The Reintroduction Plan

You’ll reintroduce “less healthy” foods back into your diet one group at a time, while keeping the rest of your diet as Whole30-clean as possible. Think about it like a scientific trial, where your Whole30 is the control and the one food group you are trying to evaluate is the experimental group.

This means you’ll have to plan carefully, and not combine major food groups during your reintroduction period. For example, don’t eat a slice of toast with peanut butter, because how will you know whether it was the peanuts or the bread that made your joints ache? Do your best to reintroduce each designated food group (as outlined below) alone on your reintroduction day.

Yes, you’ll likely get some added sugar in many of your “experimental” foods—that’s really hard to avoid.If you do choose a reintroduction food with lots of sugar—say, a Starbucks grande Caramel Frappuccino (with a whopping 64 grams!) with whole milk—you’ll have to deal with the dairy + sugar consequences all at once. Chances are, however, you’ll know intuitively what to attribute to which ingredient—digestive issues are generally dairy-driven, while energy fluctuations, cravings, and mood swings are probably sugar-related. However, some side effects, like skin breakouts, may be the result of the sugar, or the dairy, or the combination of both.
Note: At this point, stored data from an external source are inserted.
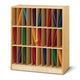 This is a mobile wooden storage unit designed for early childhood classrooms, featuring multiple compartments for organizing books, educational materials, and audio equipment. Features:
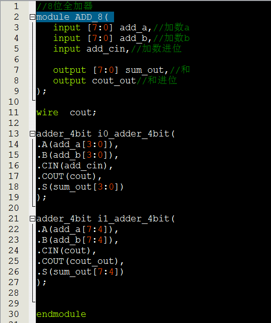 先设计1位全加器、2位全加器、8位全加器
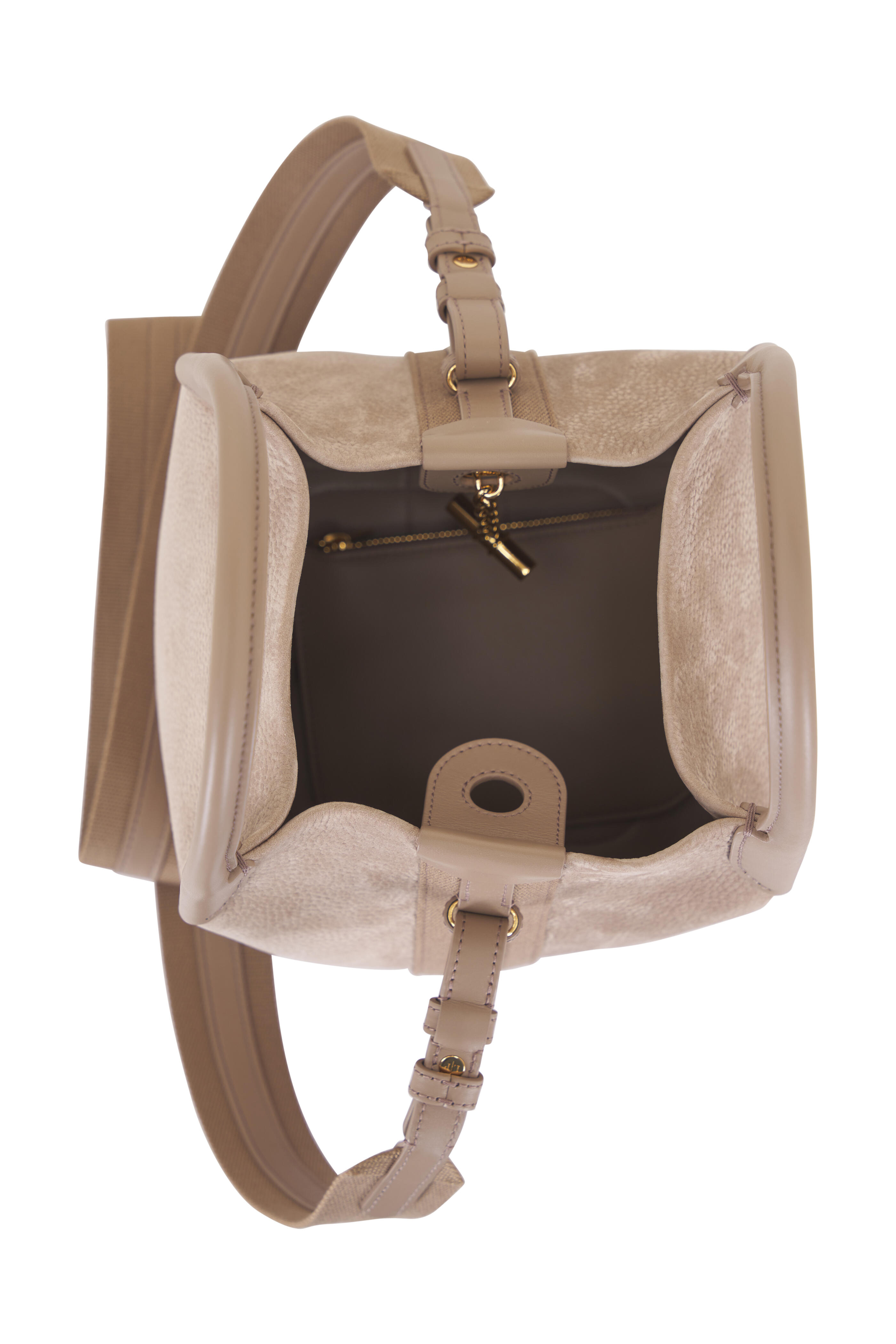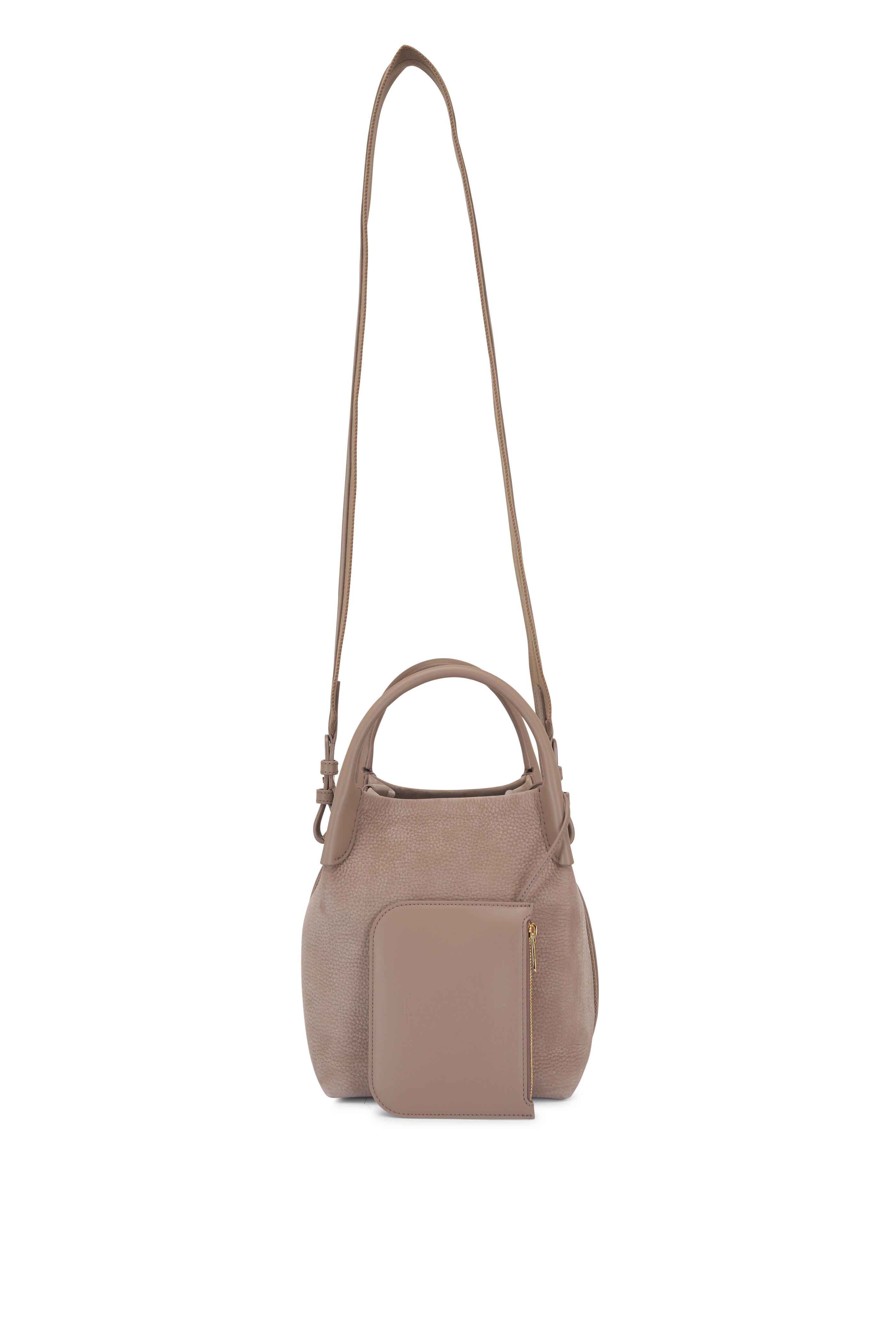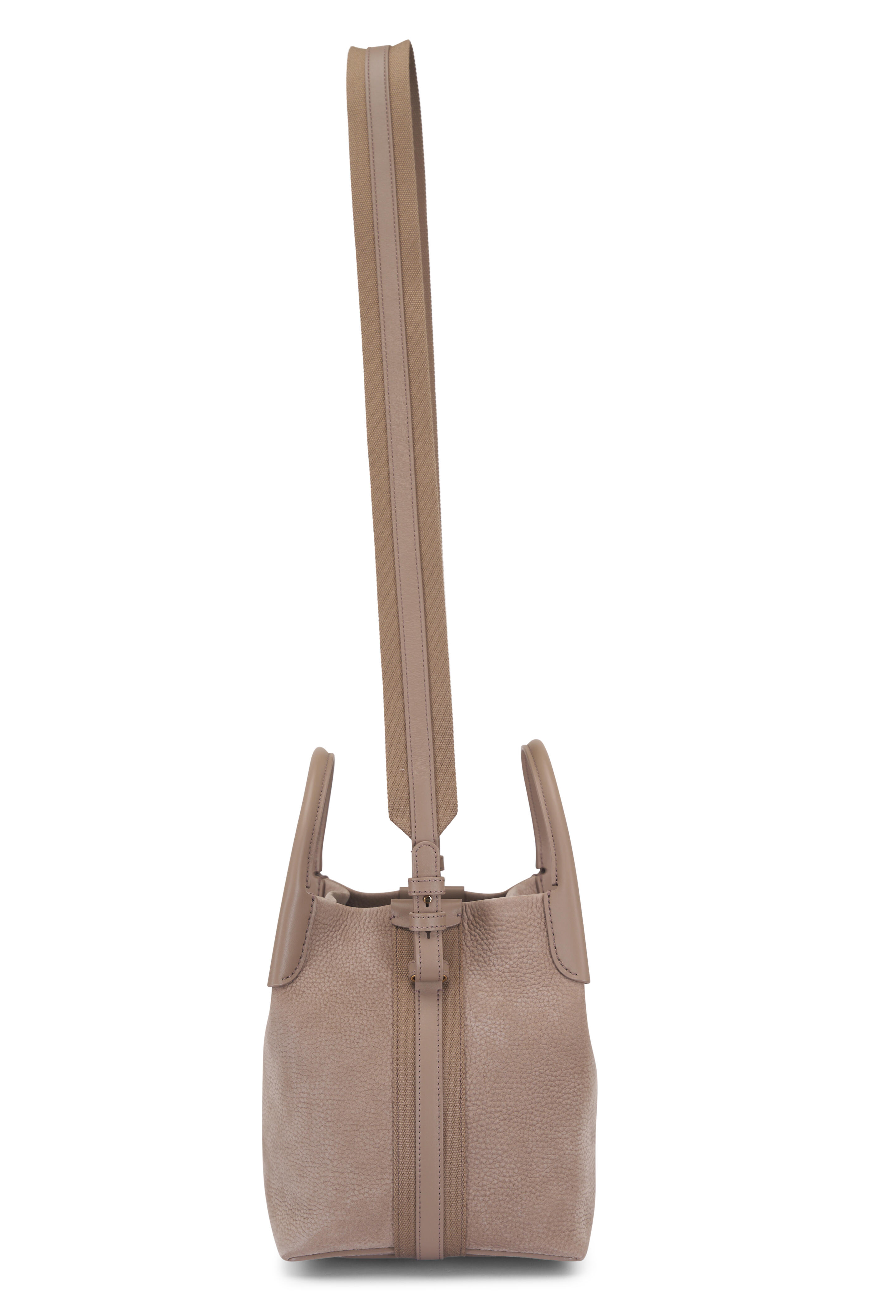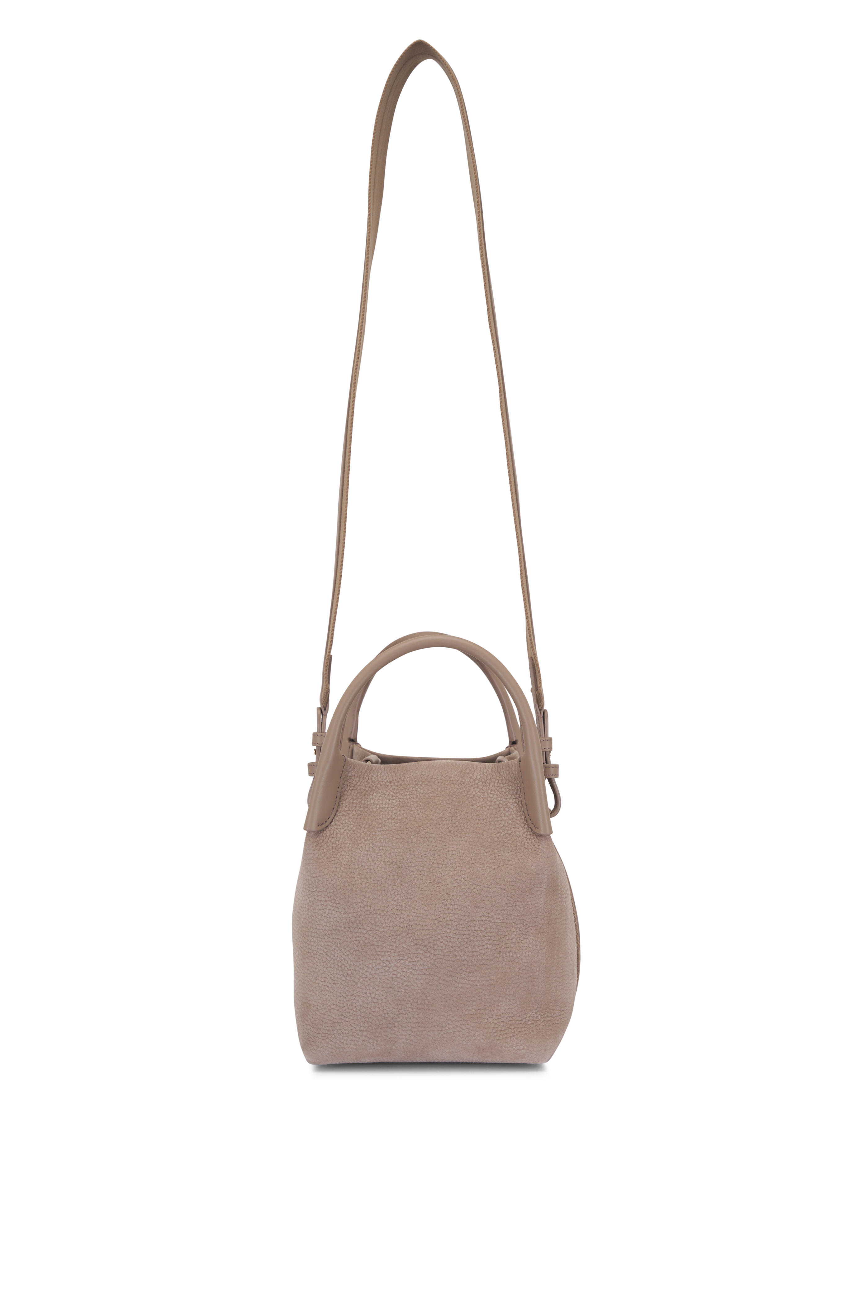 Nubuck leather. Adjustable removable shoulder strap. Single top handle. Top toggle closure. Removable inner leather pouch; attached to the bag with a toggle. Suede lining. Made in Italy. Size: Small 17 x 17 x 21 cm (6.7" x 6.7" x 8.3").

We encourage you to continue to increase your awareness of how the foods you eat are affecting you even after your Whole30 and reintroduction are over. By paying attention every time you eat a non-Whole30 food in the months to come, you can learn even more about how your body reacts to certain foods or ingredients—and continue to make more informed decisions about which foods you deem are truly “worth it.”

Reminder: If you don’t miss a particular food or drink that you know makes you less healthy, don’t bother to reintroduce it. Not missing tofu, black beans, cottage cheese, or brown rice? With evidence pointing towards these foods making you less healthy, there’s no reason whatsoever to add them back into your diet. Only reintroduce those foods that you suspect you’ll really want to include back into your diet once in a while, and leave the rest happily behind.

Sample Schedule

Here is a sample 10-day reintroduction schedule. Feel free to alter your particular food choices to suit your needs.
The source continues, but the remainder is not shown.